December 2015 Archives

Here is a custom home floor plan that I really like the looks of. There are houses like this here and there in my hometown and I’ve always admired them. This description of a five-room cottage house is from 1915.

A cobblestone trim with shingle siding gives this five room cottage house a distinguished appearance.

Five Room Cottage Floor Plan


An interesting effect is produced by giving different angles and pitches to the roof, which effect is extended out over the front steps by the level top of the pergola. It is not often that a roof is designed commencing with a level, then stepping up to square pitch.

The rubble stone wall piers and chimney all help to produce an unusual front. The manner of shingling the sides of the house is different from the ordinary, but it helps to carry out the architectural effect as intended.

This manner of siding houses uses just about as many shingles as it does to space them evenly, but it gets away from the ordinary way of laying shingles and It makes a distinction between the sides of the house and the roof. The joints are broken the same and the covering is just as thick and valuable, the only difference is in the appearance.

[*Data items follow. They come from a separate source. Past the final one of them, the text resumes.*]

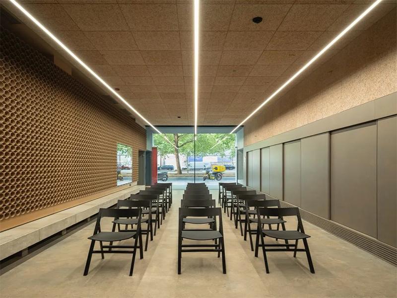 公装装修的细节里,藏着壹西格玛对办公场景的深度理解。墙面的竖向木饰面板不仅是装饰,更是隐藏式收纳系统的载体,统一的浅色调让整面墙形成秩序感,也避免了杂物堆积带来的杂乱。地面采用微水泥材质,易清洁且质感细腻,与混凝土立柱呼应,打造出统一的空间基底。而在会议与共享区域,穿孔吸音墙面与线性灯光的组合,既解决了公共空间的噪音问题,也通过简洁的线条感营造出专注的氛围,满足了成都本地团队对高效沟通与灵活办公的双重需求。
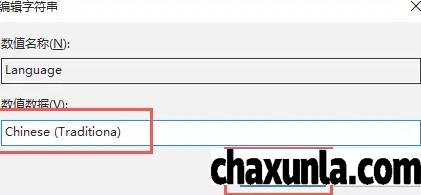 双击右侧窗口的]Language注册表,将数值数据内改为Chinese(Traditiona),点击确定即可。
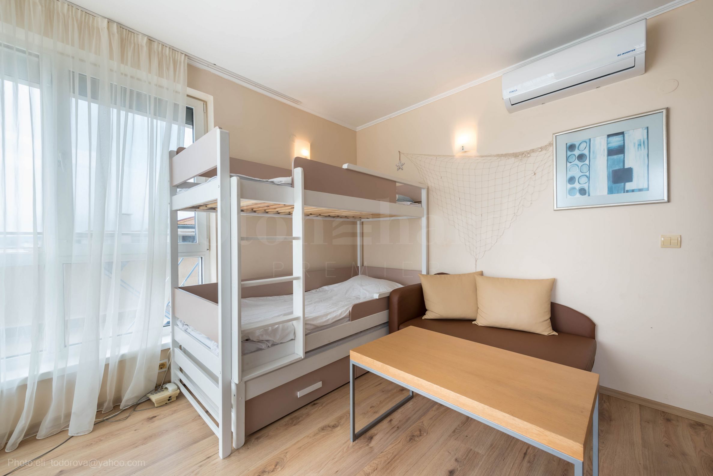 Die Wohnung befindet sich im fünften, obersten Stock und hat einen Frontblick auf das Meer und den Strand. Die Wohnung verfügt über eine beeindruckende Terrasse von 36 Quadratmetern, die einen Panoramablick auf das Meer und den Strand und die Hügel von Stara Planina bietet. Die Fläche des Anwesens beträgt 47,10 qm Wohnfläche und 36 qm Terrasse.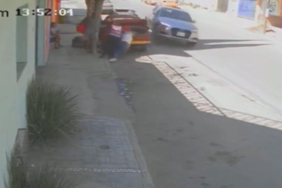 De repente, apareció un automóvil marca Audi modelo A3 color gris en contra sentido, el cual de repente modificó un poco su ruta y golpeó con la esquina de la unidad el otro vehículo, provocando que dos personas que estaban detrás fueran impactadas.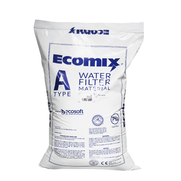 - ECOMIX® А - найбільш поширений тип фільтруючого завантаження, ефективно знижує жорсткість, що видаляє залізо і марганець в незалежності від концентрації органічних сполук, рівня рН і мінерального складу вихідної води.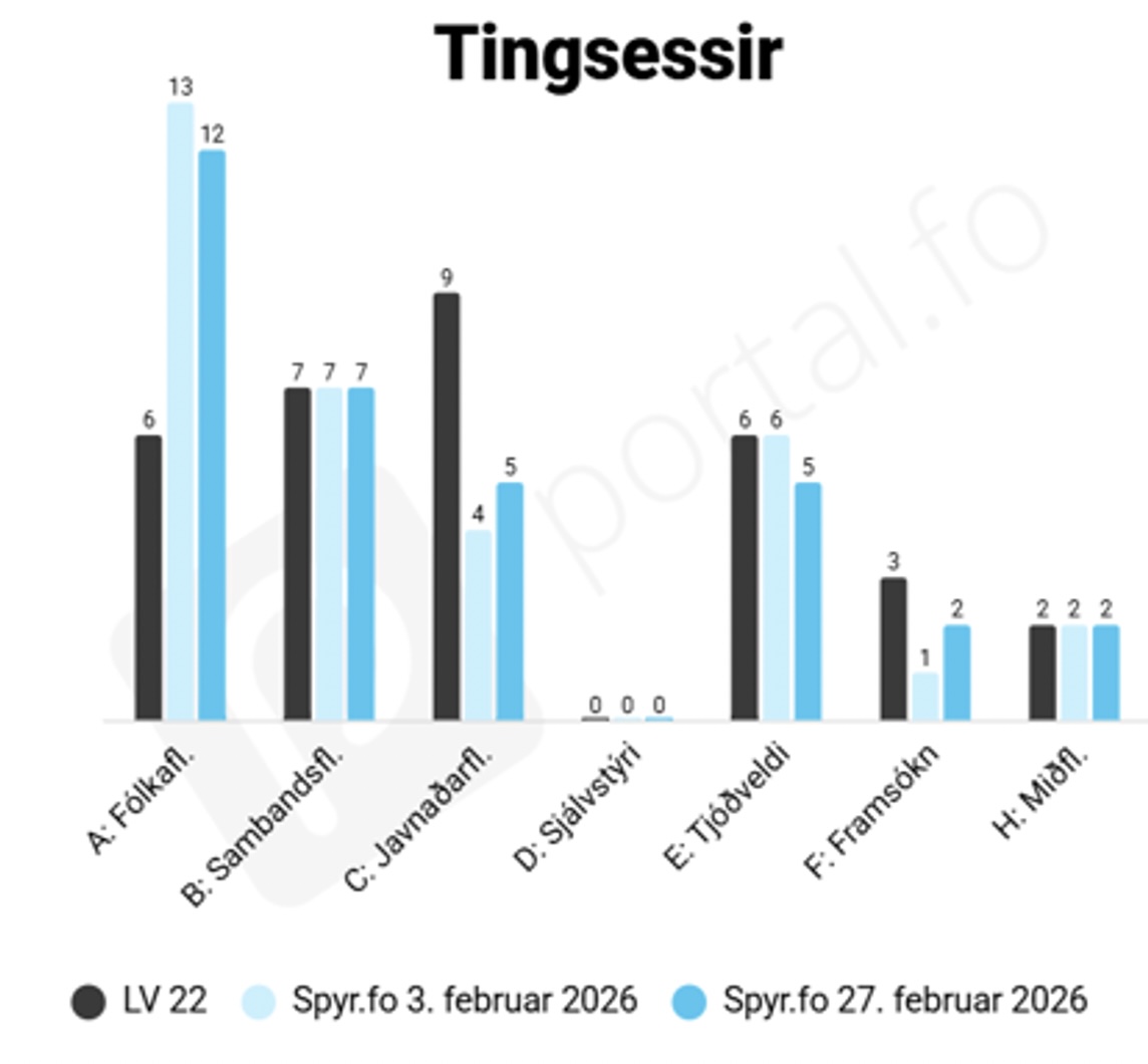 Alt er enn rímiliga opið, nú valdysturin er í gongd í 16 dagar aftrat, og næsta veljarakanning kann vísa, at leiðslan hjá Fólkaflokkinum minkar. Tað broytir matematikkina, men neyvan so heilt nógv tær grundleggjandi møguligu samansetingarnar. Fólkaflokkurin er við síni stóru framgongd í eini heilt góðari støðu, um enn tað endar við 12, 11, 10 ella enntá níggju løgtingslimum.

The windows are built on the multiple window plan, but they are so arranged as to produce the casement window appearance. Because of the double sash, any window may be opened at the top or bottom in the usual way. They may be screened, curtained and shaded according to the best custom so that the women have no objections to offer. This probably accounts for the use of so many windows built in this way. Woodworking factories make box frames any size and to contain as many windows as the plan calls for. There are weight boxes between each two windows, so the sashes are hung by sash weights in the usual way. The idea is new in-house lighting.

Twenty or thirty years ago the fad was to make windows narrow. Some of them were mere slits in the wall. Sometimes the wall was beveled away outside to admit slanting rays of light into the darkened rooms. But people soon tired of such dungeons, and the fashion pendulum seems to have swung clear over in the other direction and the style now demands as much light and sunshine as possible.

Years ago windows were fitted with outside blinds. It was customary for the women to go around each morning and close the blinds to keep the sun from fading the carpets. Because of the advantages of polished or varnished hardwood floors and numerous rugs, housekeepers are not so much afraid of fading colors. Also, manufacturers have learned how to use better dyes, but in all probability the chief reason is better education in regard to health.

The world progresses slowly, but it is evident that the different subjects taught in schools are broadening the minds of pupils so that as they grow up the old ignorant notions of the danger lurking in the sunshine and some other back numbers are laughed out of existence. The improved microscopes which have helped to broaden the study of bacteriology have done more to eradicate disease and to install sensible ideas, many of which have really become fashions, than all the preaching of old-time doctors.

Cottage Floor Plan


A study of this cottage house plan shows more window surface than a more expensive house built years ago. When the window shades are rolled up to the top the house is as light as a new office building. There are no dark corners for the harboring of dirt and bacteria.

The plan shows that the front of the cottage is given up entirely to comfort. There is a living room 22 by 14 feet, with a sun parlor loggia 11 feet by 7 feet 0, inches arranged in such a manner that both rooms are comfortable in winter as well as in summer.

The large cobblestone chimney is built especially to provide a fireplace for one end of the fine living room. The cobblestone finish may be reproduced in the living room or not, as the owner wishes.

Cobblestone for inside finish has never become very popular. However, if the stones used are carefully selected for color, the finished chimney and fireplaces may be made very attractive. The stones that are polished by rain, snow and sunshine acquire colors soft in tone and they may be selected to blend together harmoniously to build up a work of art. This part of the decoration belongs to the owner. The stone mason will place the cobblestone in any position required, but the superintendence of the owner will be necessary to bring about the desired result.

The sliding door which connects the dining room with the parlor has a rather wide opening. Wide doorways are used in very small houses. In fact, it would almost appear that the widest doors are fitted into the smallest houses. Wide doors are a necessity to accommodate modern furniture. Tho big upholstered chairs and davenports require more than an ordinary doorway to pass them through.

There is an extension built out from the dining room to accommodate a built-in buffet or sideboard. This extension is a study because of the manner in which the built-in, cabinet work is made. Such designs show the care with which modern houses are put together. Several odd-shaped windows built into this extension are intended to admit plenty of light to the dining room and to merge with the built-in cabinet work in such a way as to create envy among the neighbors.

The two bedrooms and the bathroom are connected by a short hallway with doors opening both into the dining room and kitchen. The kitchen, pantry, cellar-way and back porch, of this little cottage house, are very compact and conveniently arranged for doing the housework. In a cottage, more attention usually is paid to the cellar than in houses, which is one reason for designing a good stairway to go down to the basement. The basement in a cottage house often is used for different kinds of storage, and there are a good many trips made down and up in the course of a work day.

At a hundred years old, I still consider this custom home floor plan to be quite nice.